Chetan Singh Solanki grew up in a small village in MP. His dad was a farmer and Chetan’s education till grade 4 was in a single room village school. He shifted from there to Indore for his secondary school education. After finishing his engineering, he went on to do his M.Tech from IIT Bombay. He worked for some time before going to Belgium to do his PhD in Solar Energy. Returned back to India after his PhD and joined as faculty at IIT Bombay. I would have thought Grameen Bank’s Mohammed Yunus is his role model; Chetan tells me that it is Mohandas Karamchand Gandhi. As a professor of Energy science, Chetan was clear: our addiction to energy is going to be the cause for planetary destruction. And like a superhero, he decided that he needed to do something more than teaching brilliant kids at IIT to save the planet.

The government has made Right to Education part of the constitution. He also set up a 14 acre school near his village which does not draw a single unit of electricity from the grid. About 1000 students study today in this school. A lot of village kids still had no electricity to study.

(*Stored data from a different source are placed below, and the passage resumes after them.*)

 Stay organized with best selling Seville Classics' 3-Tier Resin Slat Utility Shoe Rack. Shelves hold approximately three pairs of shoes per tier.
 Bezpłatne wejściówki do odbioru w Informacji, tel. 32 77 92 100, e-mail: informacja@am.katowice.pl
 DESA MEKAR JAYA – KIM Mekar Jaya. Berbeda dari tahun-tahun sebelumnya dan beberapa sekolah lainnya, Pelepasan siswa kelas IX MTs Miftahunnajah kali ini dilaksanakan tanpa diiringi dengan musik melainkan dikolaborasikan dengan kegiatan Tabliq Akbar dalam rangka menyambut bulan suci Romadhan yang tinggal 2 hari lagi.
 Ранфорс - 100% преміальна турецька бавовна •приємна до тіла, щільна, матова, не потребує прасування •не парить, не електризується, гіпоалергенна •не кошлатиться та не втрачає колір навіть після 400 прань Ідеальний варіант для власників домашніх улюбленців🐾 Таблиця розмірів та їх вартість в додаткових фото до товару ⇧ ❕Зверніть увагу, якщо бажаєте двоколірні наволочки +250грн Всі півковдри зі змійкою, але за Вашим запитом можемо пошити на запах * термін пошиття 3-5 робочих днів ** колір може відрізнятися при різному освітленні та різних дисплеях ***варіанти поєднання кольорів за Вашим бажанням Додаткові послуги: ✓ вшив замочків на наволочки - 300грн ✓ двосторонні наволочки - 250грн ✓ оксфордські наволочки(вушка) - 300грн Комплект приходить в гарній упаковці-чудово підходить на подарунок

For 3 years, Chetan worked to get this right to light to kids. He has got solar lanterns to more than 1 crore kids in India. And in the process he has also created an eco-system of manufacturing these at the village level. Inspired by Gandhi, he has coined an interesting term: Energy swaraj. (https://energyswaraj.org/ ) The idea is to democratize energy production at both village and towns level. He took a sabbatical from IIT for a year to spread this idea across the globe, visiting 30 countries to spread the message.

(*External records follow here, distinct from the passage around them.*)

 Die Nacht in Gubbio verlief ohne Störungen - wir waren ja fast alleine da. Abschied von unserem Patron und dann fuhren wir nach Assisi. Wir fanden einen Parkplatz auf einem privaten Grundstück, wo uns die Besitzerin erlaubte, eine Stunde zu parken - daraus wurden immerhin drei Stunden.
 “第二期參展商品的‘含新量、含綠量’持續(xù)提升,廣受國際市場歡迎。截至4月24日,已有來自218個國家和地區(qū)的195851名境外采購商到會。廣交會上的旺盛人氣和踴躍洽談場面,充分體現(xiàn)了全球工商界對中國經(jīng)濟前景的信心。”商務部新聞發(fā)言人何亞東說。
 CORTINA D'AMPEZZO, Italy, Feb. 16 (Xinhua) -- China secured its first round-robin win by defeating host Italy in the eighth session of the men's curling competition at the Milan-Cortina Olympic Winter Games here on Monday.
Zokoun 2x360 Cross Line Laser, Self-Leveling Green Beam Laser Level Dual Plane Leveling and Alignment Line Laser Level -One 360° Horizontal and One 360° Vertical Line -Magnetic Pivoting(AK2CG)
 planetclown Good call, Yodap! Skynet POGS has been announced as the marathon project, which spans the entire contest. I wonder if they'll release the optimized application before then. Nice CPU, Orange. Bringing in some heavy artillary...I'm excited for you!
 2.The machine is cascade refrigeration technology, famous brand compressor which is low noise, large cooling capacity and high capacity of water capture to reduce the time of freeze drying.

And in a Ram-like fashion, in 2019 he vowed to spend 11 years on the road, away from home, to deliver the single message of energy frugality. Took yet another sabbatical, got himself a Tata bus, converted it to a frugal home, fitted 3 kW of solar panels on it and hit the road. He has educated half a million people in this one year on energy literacy. Like a modern day Gandhi, he extracts promises from the energy rich to share their energy with the poor. The bus has traveled extensively in UP, Rajasthan, Gujarat and Maharashtra. I met with him at the BAIF campus in Warje, where he is parked till 20-Jan before he heads to Aurangabad. I purchased some lovely solar powered diyas from Chetan. They switch on automatically when the sun sets. Am planning to use a diya on my cycle as a tail lamp. We don’t do too much energy math in our lives. Everything we use has energy that has gone into making it. Even the solar panels that Chetan advocates, take 1.5 years to achieve energy breakeven. Accounting for all that indirect energy usage is an arduous task. Chetan has a simple suggestion – start with something more tangible: your monthly electricity bill. Can you get that down to near zero? Must confess that my own home monthly electricity bill of Rs. 1800 is nothing to be too proud of. My personal target would be to get it down to Rs. 1500. Let the yatra to energy swaraj begin!